Este processo dinâmico implica a interacção das plaquetas, da parede vascular, de determinadas proteínas plasmáticas (factores de coagulação e inibidores, de produção hepática ou endotelial) e um sistema fibrinolítico.
As células endoteliais intactas inibem a adesão das plaquetas através da produção de NO e prostaglandina I, que também tem efeito vasodilatador.
As referidas células produzem igualmente factores teciduais (FT), inibidor de FT(TFPI), activador do plasminogénio tecidual(t-PA), antitrombina (AT), trombomodulina, prostaciclina, assim como a proteína de superfície para a activação da proteína C(PC).
Em condições de normalidade é mantida a fluidez sanguínea mediante equilíbrio acção-inibição do sistema hemostático.
No caso de formação de coágulo na sequência de alteração da superfície vascular, existem acções destinadas a evitar a propagação do trombo e a possibilitar o seu desaparecimento uma vez restabelecida a continuidade do endotélio vascular.
Ainda que os distintos mecanismos estejam perfeitamente ligados, sob o ponto de vista de compreensão didáctica é possível a subdivisão em hemostase primária, hemostase secundária/coagulação, e fibrinólise.
A chamada hemostase primária tem como função fundamental a formação do rolhão de plaquetas ou “tampão” hemostático que se gera rapidamente (em 3-5 minutos), especialmente eficaz em vasos de pequeno calibre. Especificando, são então verificados os eventos a seguir referidos.

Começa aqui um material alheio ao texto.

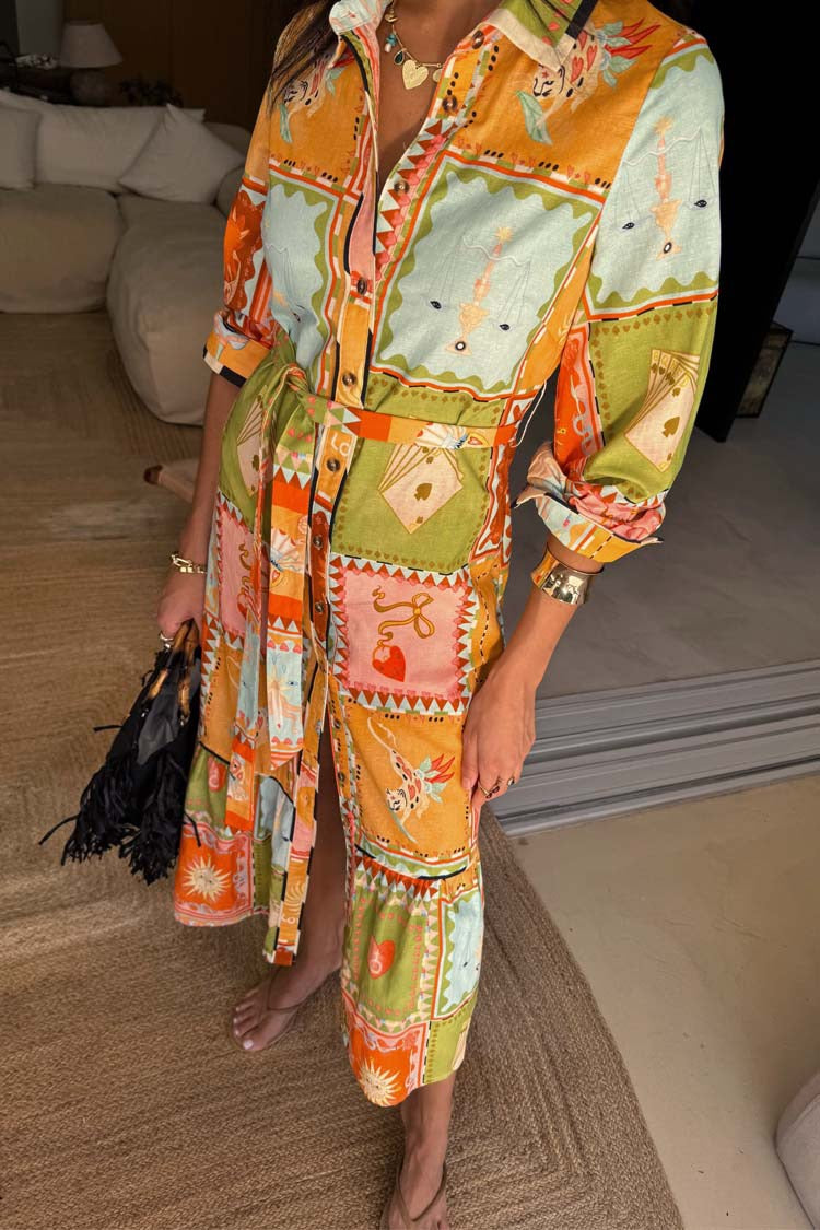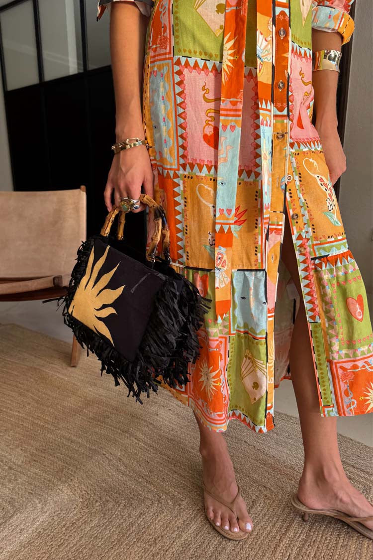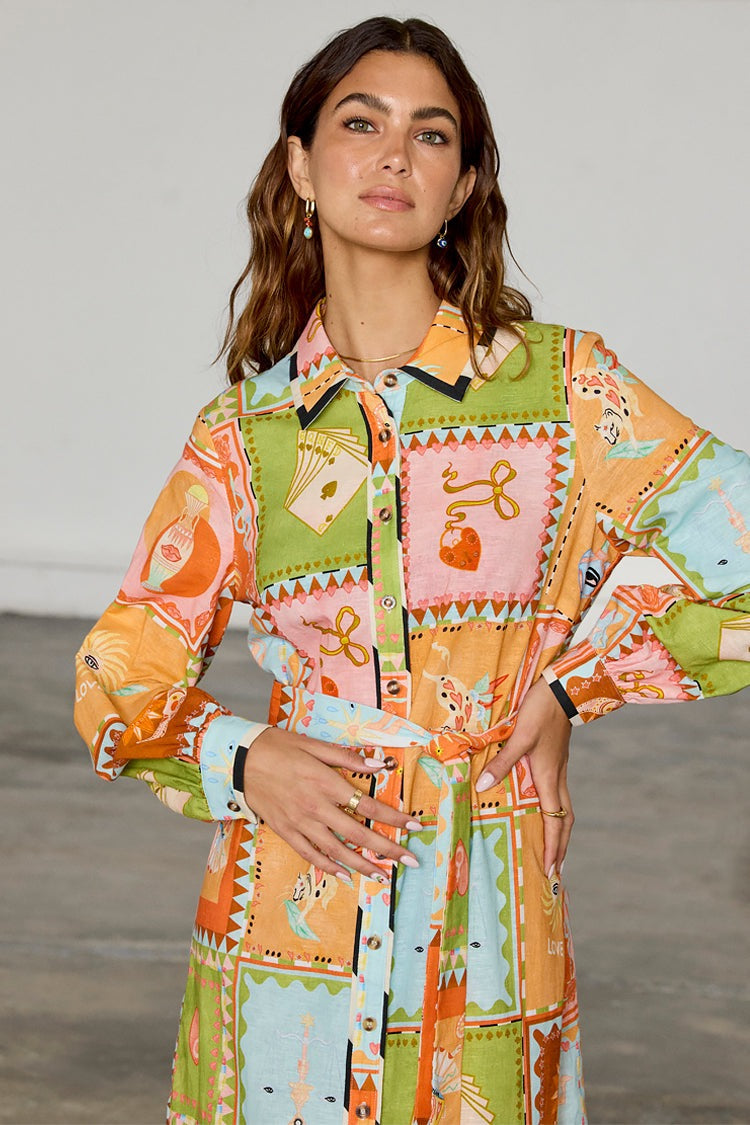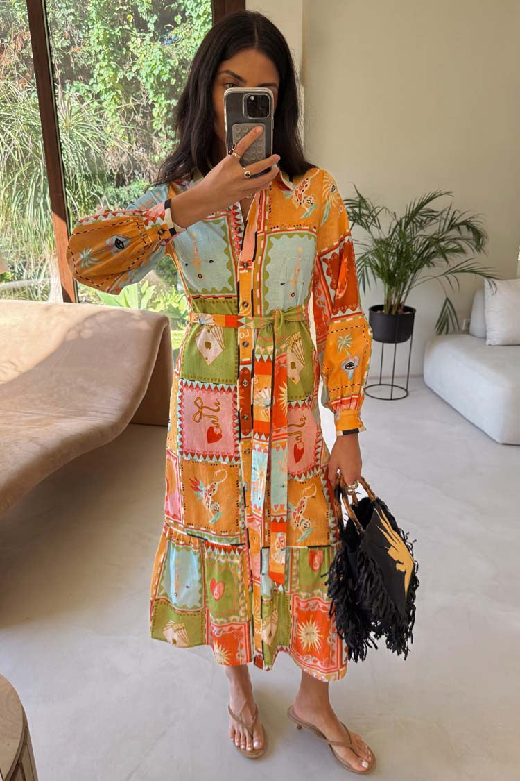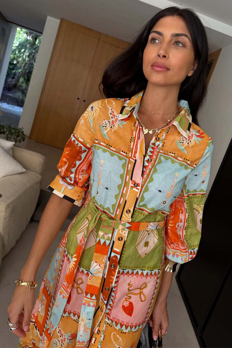 The dress is the perfect winter to spring outfit! In a new Soller print, a lovely multicoloured pattern that ties our trip to the balearic islands with the inspiration found at Colombia Road market all together in a composition of beautiful cameos, with central images of vases, tigers, suns and scales in varying arrangements. The gorgeous print adds a pop of colour to the otherwise simple silhouette, making it a definite a wardrobe staple!

Nota: *Homeostase (diferente de hemostase) significa tendência do organismo para manter constantes as condições fisiológicas. |
Após ruptura da superfície interna do vaso surge vasoconstrição para deter a saída de sangue do vaso; neste processo de vasoconstrição participam as plaquetas mediante a libertação de potentes vasoconstritores (designadamente serotonina e tromboxano A2). Por outro lado, as células endoteliais produzem factor de von Willebrand (FvW), necessário para a adesão das plaquetas à superfície vascular lesada. Após a adesão, as plaquetas são activadas continuando a libertar grânulos contendo ADP, tromboxano A2 e outras proteínas, o que leva à agregação das mesmas. Uma das proteínas da matriz subendotelial contendo colagénio, libertadas pela lesão vascular – o factor tecidual ou FT – liga-se às plaquetas e ao factor VII.
A partir desta fase é activada a chamada cascata da coagulação, a que corresponde a fase da hemostase secundária em que os factores de coagulação, designados em números romanos, são activados. As Figuras 1 e 2 descrevem de modo conciso o processo da hemostase (primária e secundária), o qual pode ser compreendido pela leitura deste texto. O Quadro 4 discrimina a designação dos factores de coagulação.
FIGURA 1 – Hemostase primária: participação fundamental das plaquetas em número e função, e dos microvasos
FIGURA 2 – Hemostase secundária (consultar texto e Quadro 2): participação fundamental dos factores de coagulação
QUADRO 4 – Factores de coagulação
I | Fibrinogénio |
Nota: os factores (F) activados são designados pela adição da letra (a), por ex. IIa. |
A coagulação é, pois, a transformação duma proteína solúvel (fibrinogénio) numa proteína insolúvel (fibrina), o que implica que a trombina – resultante da transformação da protrombina, activada pelo factor 3 plaquetário e pelo cálcio – actue sobre o fibrinogénio. Neste processo actuam os chamados factores intrínsecos (via intrínseca ou endógena), os factores extrínsecos (via extrínseca ou exógena) e factores comuns às duas vias. Virtualmente todas as proteínas procoagulantes estão em equilíbrio com uma proteína anticoagulante que regula ou inibe a função procoagulante. Há 4 anticoagulantes naturais principais que regulam a extensão do processo de coagulação: antitrombina III (AT-III), proteína C, proteína S, e o TFPI/tissue factor pathway inhibitor ou inibidor da via dos factores teciduais. A AT-III é um inibidor das proteases leucocitárias que regula predominantemente o factor Xa (X activado); em menor grau são igualmente inibidores os factores IXa, XIa e XIIa.
Quando a trombina no sangue circulante contacta com o endotélio intacto, liga-se à trombomodulina, o seu receptor endotelial. O complexo trombina-trombomodulina actua sobre a proteína C que passará à forma activada. Em presença do cofactor proteína S, a proteína C activada promove a proteólise e inactivação do factor Va e factor VIIIa. O factor Va, uma vez inactivado é, de facto, um anticoagulante funcional que inibe a coagulação. O inibidor final é o TFPI, que impede a activação do factor X pelo factor VII e factor tecidual (TF), e desvia o local de activação do TF e do factor VII para o factor IX.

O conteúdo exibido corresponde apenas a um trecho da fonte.